The Diagnosis: Herpetic Glossitis

Oral lesions of the tongue are common during primary herpetic gingivostomatitis, though most primary oral herpes simplex virus (HSV) infections occur during childhood or early adulthood. Reactivation of HSV type 1 most commonly manifests as herpes labialis.1 When recurrent HSV involves intraoral lesions, they are typically confined to the gingiva and palate, sparing the tongue.

Clinical presentation of herpetic glossitis varies. Recurrent herpetic glossitis has been described in immunocompromised patients, particularly those with hematologic malignancies and organ transplants.2 In addition, immunocompromised and human immunodeficiency virus–infected patients may present with deep and/or broad ulcers. A case of herpes infection presenting with nodules on the tongue has been reported in Hodgkin disease.3 Herpetic geometric glossitis also has been described, which is a linear, crosshatched, or sharply angled branching with painful fissuring of the tongue. Herpetic geometric glossitis has been reported to occur in both immunocompetent and immunocompromised individuals.4 Tongue involvement during oral reactivation of HSV is exceedingly rare and the pathogenesis remains elusive, though one hypothesis proposes a protective role of salivary-specific IgA and lysozyme.5 Here, we report a case in which a patient developed similar lingual HSV lesions following recent immunosuppression.

References

 

1. Arduino PG, Porter SR. Herpes simplex virus type 1 infection: overview on relevant clinico-pathological features. J Oral Pathol Med. 2008;37:107-121.

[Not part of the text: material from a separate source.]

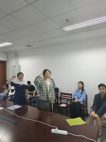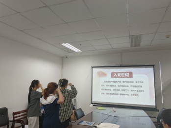 随后由入党介绍人介绍情况,两位同志在积极分子期间,一心向党组织靠拢,多次提出进一步发展的请求。思想上积极学习党的相关方针路线政策,学习上刻苦努力,积极进取,生活中团结他人,帮助同学。两位同志思想上,学习上,政治上,生活中,都十分优秀,满足了发展党员的要求。此外,两位同志满足党章中发展党员的基本流程要求,并完成相关培训。经党支部支委会议讨论决定,允许王雨辰和童慧敏同志,发展为预备党员,并提交党员大会投票表决。投票表决结果为正式党员17人均同意王雨辰和童慧敏同志发展为预备党员。最后由纪检委员胡炜媛带领王雨辰和童慧敏同志宣读入党誓词。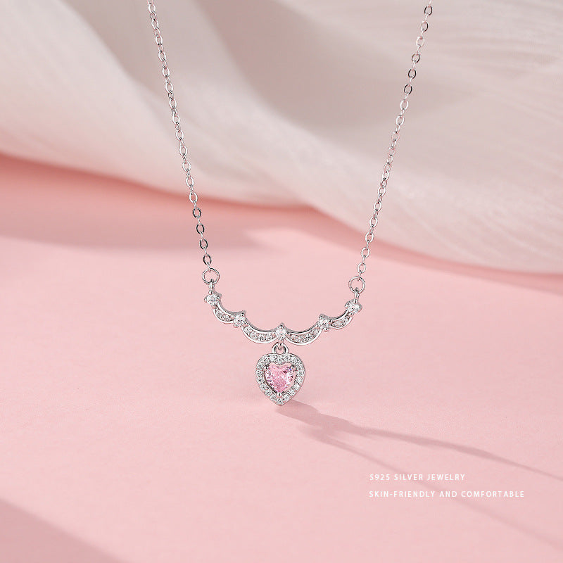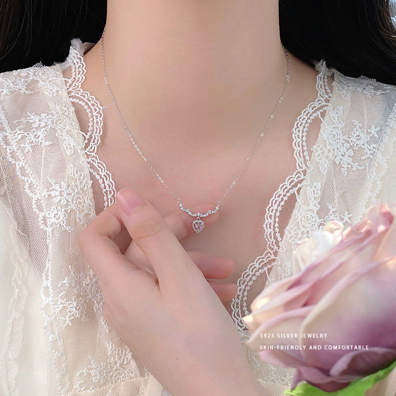 E廠【YC3761N】S925純銀甜粉鑽愛心項鍊女輕奢甜美鎖骨鏈 24.05-5

2. Nikkels AF, Piérard GE. Chronic herpes simplex virus type I glossitis in an immunocompromised man. Br J Dermatol. 1999;140:343-346.

3. Leming PD, Martin SE, Zwelling LA. Atypical herpes simplex (HSV) infection in a patient with Hodgkin’s disease. Cancer. 1984;54:3043-3047.

4. Mirowski GW, Goddard A. Herpetic geometric glossitis in an immunocompetent patient with pneumonia. J Am Acad Dermatol. 2009;61:139-142.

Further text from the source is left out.